Friday, September 01, 2006

Franklin - For Adults

Although we are not really in favor of television for children, it has become a welcome assistant when the boys are going berserk and we need some time without them, you know, to actually cook their dinner without the twins screaming “EAT, EAT, EAT!” while jumping up and down at the kitchen gate.

Luckily, there is Noggin. Found on Noggin are the Backyardigans, Little Bear, and Franklin the Turtle. The Backyard-thingy’s are the current favorite because they sing songs throughout their little adventures. But Franklin is a close second.

Franklin amuses me.

The Canadian accents show through about once every 5 minutes. But even better, the mix of critters is amazing. Not totally believable, but well done nonetheless. I can suspend my disbelief to watch young bears, foxes, beavers, moose, muskrats, and a turtle play together.

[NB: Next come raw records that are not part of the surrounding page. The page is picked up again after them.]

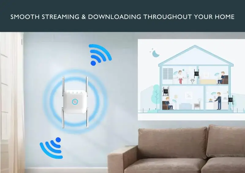 The wifi extender is equipped with 4 external antennas, which can eliminate dead area and improve the existing Wi-Fi coverage.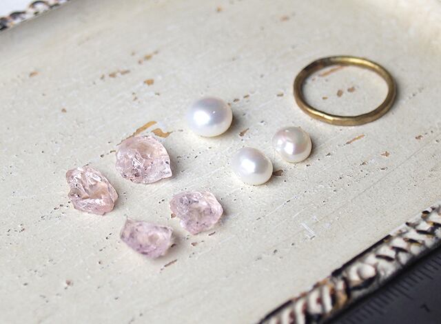 M様オーダー 原石のモルガナイトとパールのリング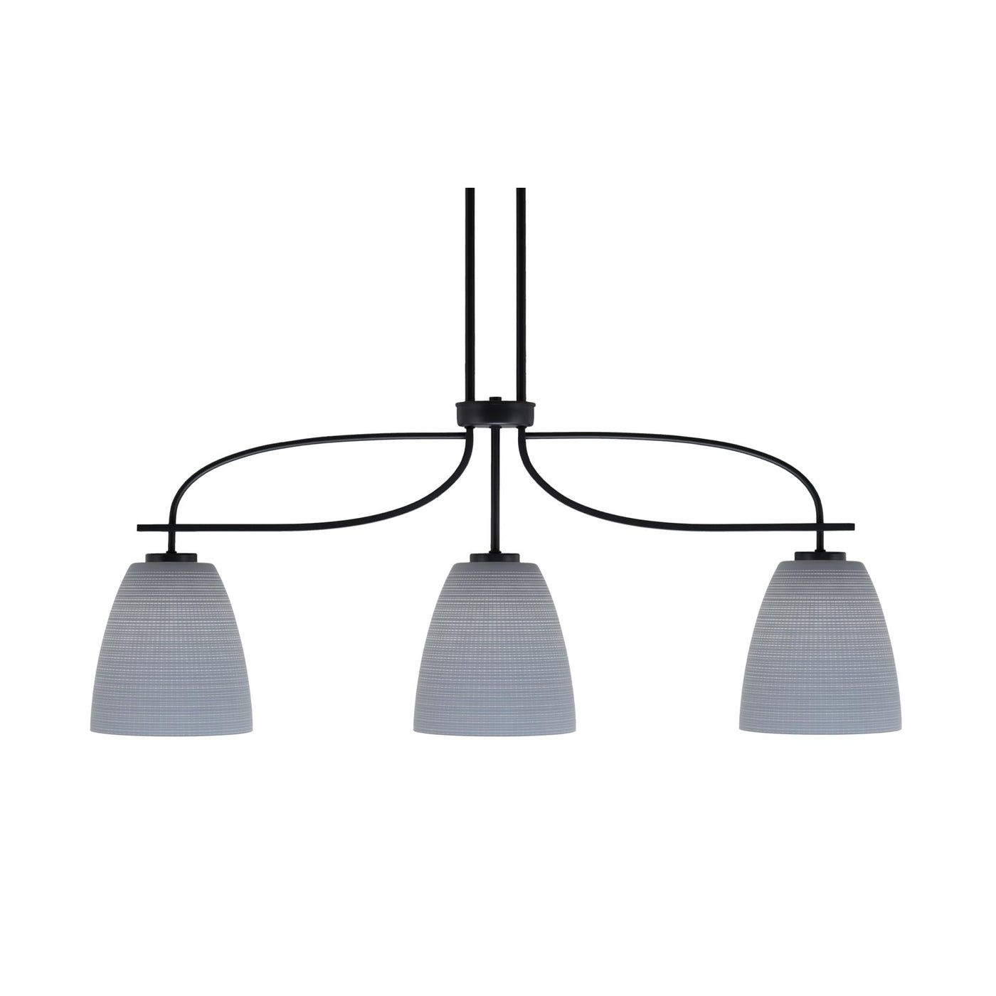 Cavella 3 Light Island Light Shown In Matte Black Finish With 8" Gray Matrix Glass

I have some questions, though.

Why is it that Franklin is the only character with an actual name? Everyone else is Bear, or Beaver, or Mrs. Muskrat. Even his parents are only Mr. & Mrs. Turtle.

And why don’t they ever get into trouble? Are we to believe that they somehow learn their lessons without being sent to their rooms, or being grounded, or being made to stay after school? Not every kid is this angelic.

Every now and then, I sit and watch Franklin’s adventures with the boys. I park myself on the couch with at least one boy in my lap and imagine how I would have written the stories. Take yesterday’s episode for example.

One of the stories showed Franklin and his friend Bear attending a hockey game. They ask the star player, Coyote, for an autograph. He gladly agrees. Later, Coyote shows up at their junior league hockey game to visit an old friend. Everyone is happy. How sweet.

My version: Coyote would have charged them $5 for the autograph. He would have shown up completely drunk to Franklin’s game. The kids’ parents, turning away from heckling the coach, would become verbally abusive and throw hot coffee at him. There would be a fight. Coyote would end up eating everyone, except for the Bear family, who would then beat him severely and leave him in a bloody pile next to the ice. Coyote’s hockey team would lose the championship game, and the Bear family would make millions betting against his team.

But I guess that wouldn’t be a kid’s program.